ANSWER: Stan model for the linear regression remains the same. It has three blocks, such as “data”, “parameters”, and “model”. The flat priors of uniform(-∞, ∞) are implicitly used. Non-informative priors are on the parameters.
(fit2 <- stan(file=stan_model2, data=stan_data2, warmup=500, iter=1000, chains=4, cores=2, thin=1))
## Inference for Stan model: stan_model2.

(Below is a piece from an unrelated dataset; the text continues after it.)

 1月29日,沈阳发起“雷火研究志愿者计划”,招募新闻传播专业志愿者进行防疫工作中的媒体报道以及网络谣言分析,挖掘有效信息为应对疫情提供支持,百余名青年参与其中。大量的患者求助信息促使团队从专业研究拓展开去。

## 4 chains, each with iter=1000; warmup=500; thin=1;
## post-warmup draws per chain=500, total post-warmup draws=2000.
##
## mean se_mean sd 2.5% 25% 50% 75% 97.5% n_eff Rhat
## alpha 11.43 0.00 0.13 11.17 11.35 11.43 11.51 11.69 907 1.00
## beta 0.01 0.00 0.01 0.00 0.01 0.01 0.02 0.02 1003 1.00
## sigma 0.40 0.00 0.05 0.32 0.36 0.39 0.43 0.51 827 1.00
## lp__ 16.27 0.05 1.32 12.81 15.77 16.62 17.20 17.73 611 1.01
##
## Samples were drawn using NUTS(diag_e) at Fri Jun 14 01:22:44 2019.
## For each parameter, n_eff is a crude measure of effective sample size,
## and Rhat is the potential scale reduction factor on split chains (at
## convergence, Rhat=1).
ANSWER: The running process of the Stan model remains the same. The values of Rhat are all at 1; hence the chains have converged.

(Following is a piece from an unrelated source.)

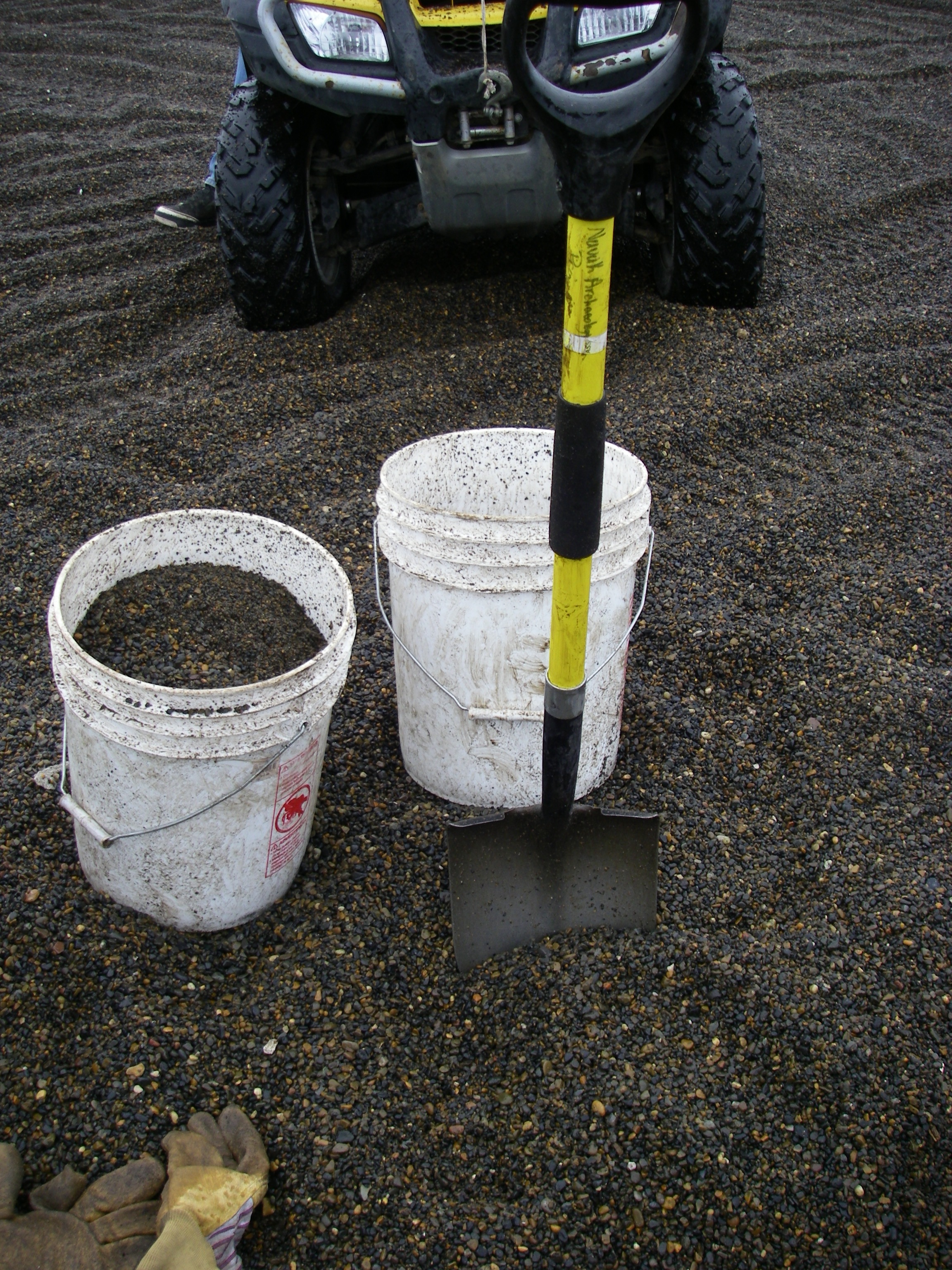 Frank Kelley says, "the buckets and the shovels were all pretty beat up by the end of the day. We had discussions about how much a 5 gallon bucket full of gravel weighs. Might need an experiment to figure that out. Our best guess is around 70lbs." Barrow, Alaska.

posterior2 <- extract(fit2)
p1 <- seaice %>%
add_predictions(lm2b,"pred_south") %>%
ggplot(aes(index,extent_south))+
geom_point()+
geom_line(aes(y=pred_south),color="red",size=1)+
labs(x="Index",y="Sea ice extent in the Southern Hemisphere (10^6\ km^2)")+
ggtitle("A general lm fit")
p2 <- seaice %>%
ggplot(aes(index,extent_south))+
labs(x="Index",y="Sea ice extent in the Southern Hemisphere (10^6\ km^2)")+
ggtitle("A Stan fit with non-informative priors")
for (i in 1:500) {
p2 <- p2+geom_abline(intercept=posterior2$alpha[i],slope=posterior2$beta[i],color="grey")
}
p2 <- p2+geom_point()+
geom_abline(intercept=mean(posterior2$alpha),slope=mean(posterior2$beta),color="blue",size=1)
gridExtra::grid.arrange(p1,p2, nrow=1, bottom="Models comparison")
ANSWER: The red regression line in the general lm fit and the blue regression line in the Stan fit are identical due to the non-informative priors. The multiple grey regression lines visualize the variability in the estimates from the posterior.